NZ Open to go ahead next year

New Zealand golfing legend, Sir Bob Charles with the Claret Jug after his victory at the British Open in 1963. Photo: Photosport.nz
New Zealand golfing legend, Sir Bob Charles with the Claret Jug after his victory at the British Open in 1963. Photo: Photosport.nz
The NZ Open is a go for 2022.

Tournament chairman John Hart said given the "overwhelmingly positive support'' from key stakeholders, the organising committee has confirmed the 102nd edition of the Open will be played at Millbrook Resort, near Arrowtown, between March 31 and April 3.

Due to Covid restrictions the tournament has not been held since 2020.

Mr Hart said following discussions with PGA Tour of Australasia and Asian Tour, the co-sanctioning partners, tournament organisers were confident a strong international field would be able to play at the Open, "subject only to arriving at satisfactory options for players having to self-isolate upon entry to New Zealand".

“We have had initial conversations with a number of international based players who have indicated that they would be willing to isolate ahead of the tournament if practice facilities were available.

"We are now working through options with the Government on how this will work and are confident in finding a positive outcome for all."

Mr Hart said it was humbling and gratifying to see the level of support for the tournament, including from sponsors, international partners, the Ishii family and Millbrook.

In addition to teeing it up to claim the Brodie Breeze trophy as the 102nd Champion, the professional players next year will have the added incentive of a potential spot at The Open played at St Andrews.

The Open has been included in The Open Qualifying Series for the first time, which will see the top three finishers gain a coveted place in the field for the 150th playing of The Open at St Andrews next July.

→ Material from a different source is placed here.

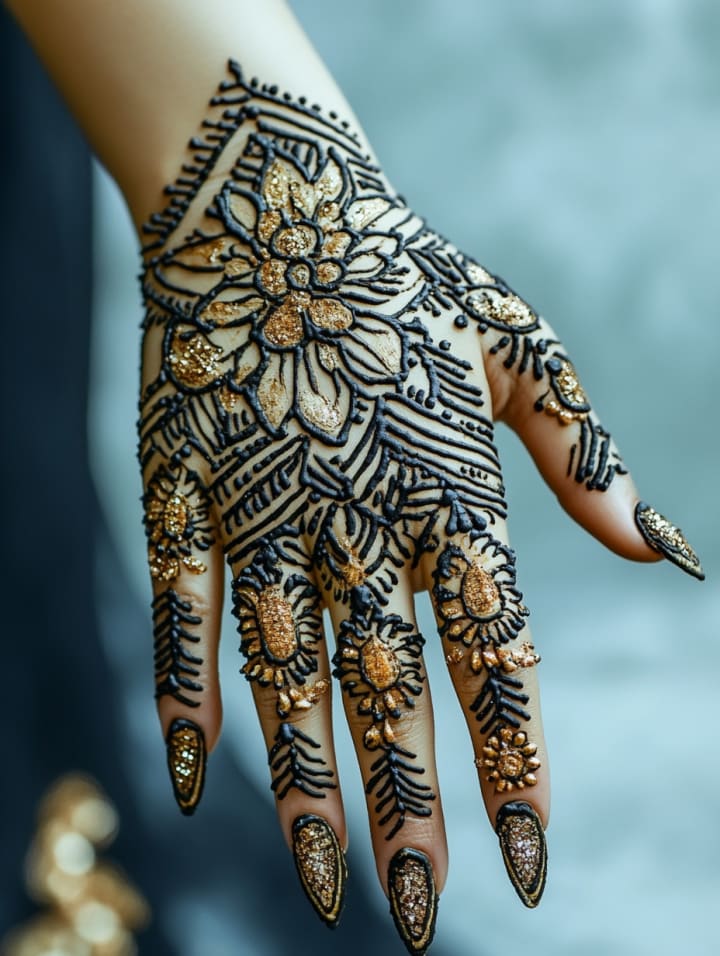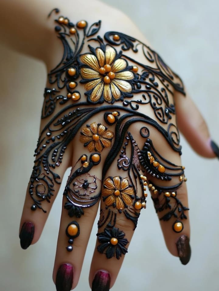 Creating an elegant Arabic mehndi design for the back of your hand is simple if you follow these easy steps:

"To have three guaranteed spots for the top finishers at the New Zealand Open at The Open is exceptional news, and we believe this will draw more and more international players to Queenstown in March," Mr Hart said.

Golf New Zealand Chief Executive, Dean Murphy said the opportunity "adds significantly" to the NZ Open's history.

“It’s pretty exciting that our national championship in New Zealand has been given the opportunity to have three places at the 150th milestone playing of The Open.

"We hope that this extra incentive provides those in the field a little more motivation to be at the top of the leaderboard when the final putt is sunk at Millbrook next year.

“All kiwi golfers have a close affinity with The Open, following Sir Bob Charles’ win back in 1963.

"Today’s announcement represents a real opportunity for another kiwi to compete for the Claret Jug” said Murphy.

Sir Bob Charles, who famously claimed the Claret Jug in 1963 over American Phil Rodgers and became the first kiwi to win a Major said he was "delighted" the R&A had recognised the NZ Open with the opportunity, "and I hope that we will see more Kiwis play in this historic event".